2度目の人生で世界を救おうとする話。前編
次は神様だ。
『神様。さっきのわざとだよね?』
武の問題が一応片付いたので今度は心の中で神様に呼びかける。
『わざと?さて、何のことでしょうか?』
『…とぼけないでよ。あの冗談懺悔が自分にされたものじゃないことくらいわかってたでしょう?』
『そうですね』
『…何が目的なの』
穏やかな神様の声は最初こそ私の言葉をおかしそうに否定していたが、すぐに否定することをやめ、肯定する。なので私は神様のその意図を聞いた。

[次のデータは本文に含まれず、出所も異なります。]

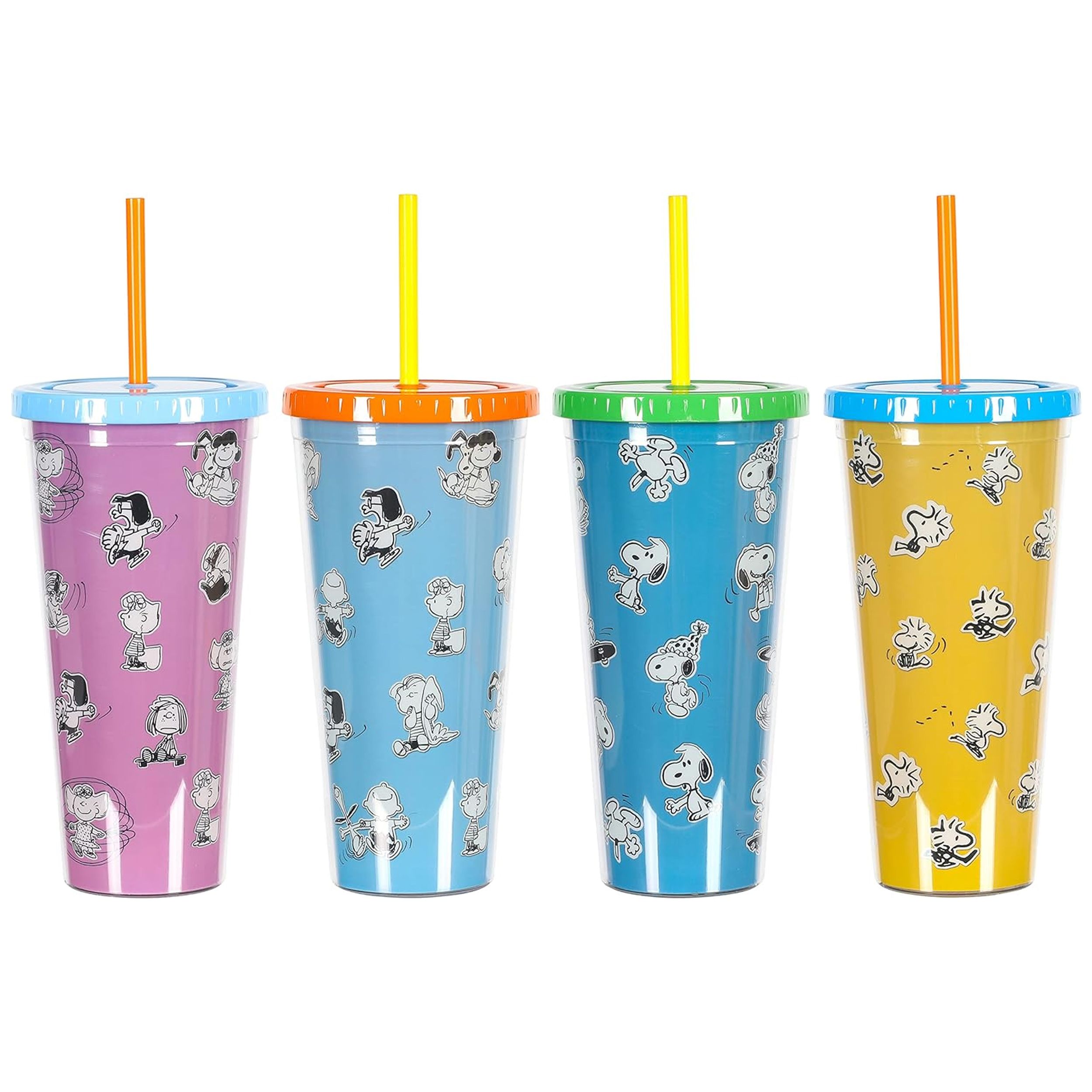 Celebrate the American classic Peanuts with the Gibson Peanuts 70th Anniversary 4 Piece Plastic 23.6oz Tumbler set with Lid and Straw in Assorted Colors. Features four different Snoopy inspired patterns in assorted colors. The BPA free plastic material is durably made to be shatter proof and ideal for on the go beverages. These travel cups are ideally made to suit most cup holders. Enjoy refreshing water at home, sweet juices out on the road, or bring along a soft drink to work.
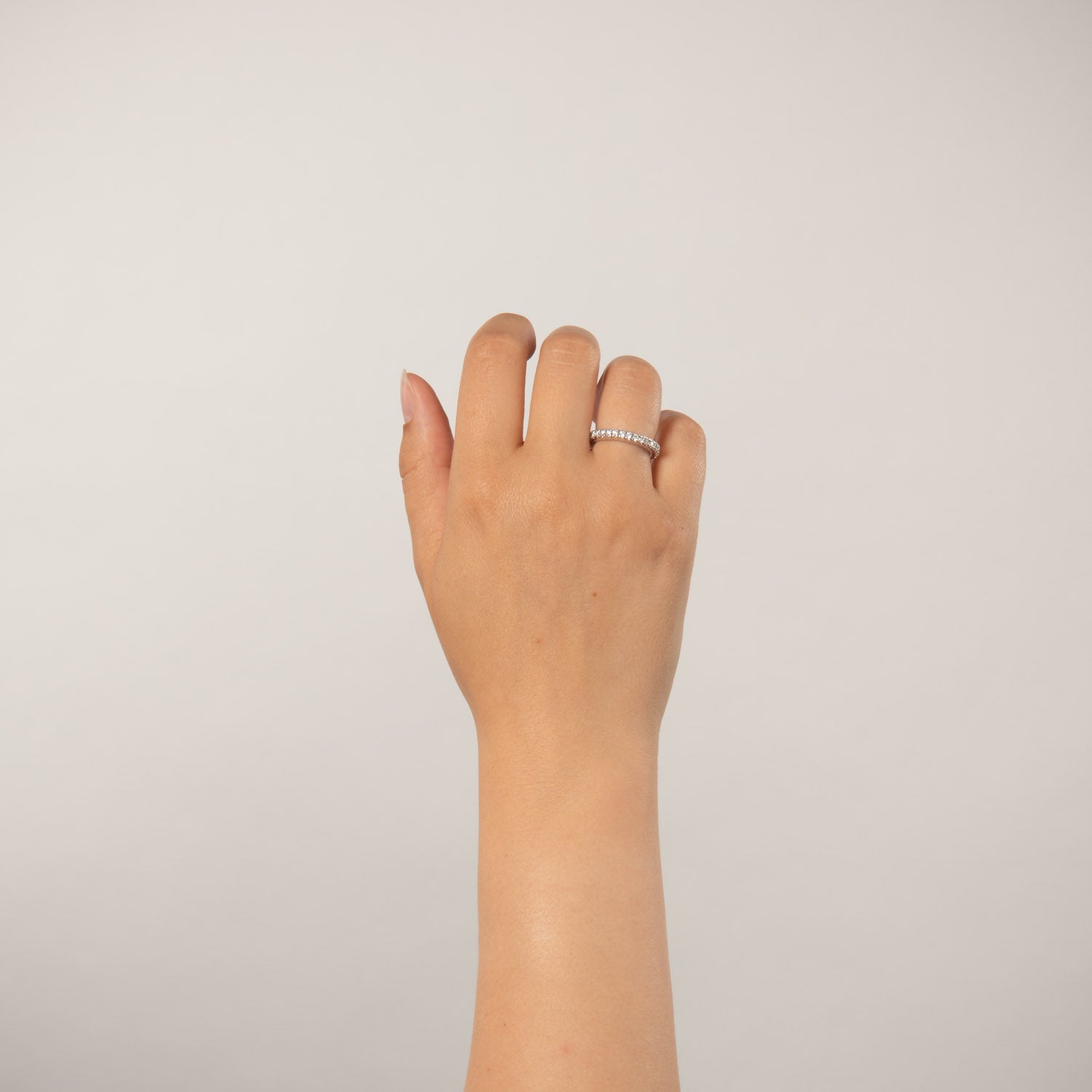 Billedet viser ringens udsøgte håndværk med diamanter, der er sat tæt sammen for at skabe en kontinuerlig glans. Hvidguldet giver en kølig, sofistikeret baggrund, der fremhæver stenens skønhed. Den glatte overflade og den præcise indfatning sikrer, at ringen føles lige så godt, som den ser ud.

『1ヶ月くらい前でしたね。アナタが私の言葉を聞かず、やっぱり誰も信じられなくて、1人取り乱して大怪我をしたのは』
『…』
神様が話し始めたのは間違いなく、琥珀との初任務の話だ。私は黙ってその話を聞く。
『私は何度も言いますがアナタにはもっと周りの人を信じてほしいのです。世界はアナタにもっと優しい、と。武にもきっとアナタがやろうとしていることを話せばアナタを多少は助けてくれるはずです』
『はっ、神様、それは違うよ』
神様の綺麗事に私は思わず鼻で笑う。
『神様の方が私より絶対わかっているとは思うけど、それでも世界の優しさなんてものは私にはわからない。実際1度目にこの世界の残酷さを見てきたしね。今は優しくても近い将来この世界は私にとって残酷になる。期待すればするほど裏切られた時キツいものだよ?だから私は期待しない。私が見てきたものを信じるだけ…』
『紅…』
『それに、守護者に絶対なるマン、努力の塊な武だよ?妖に寛容な訳がないじゃん。100%私に協力どころか邪魔してくるに決まってる』
神様が黙って聞くことに徹してくれたことをいいことに、言いたいことだけ神様に言うと私は今度こそ窓に手をかけた。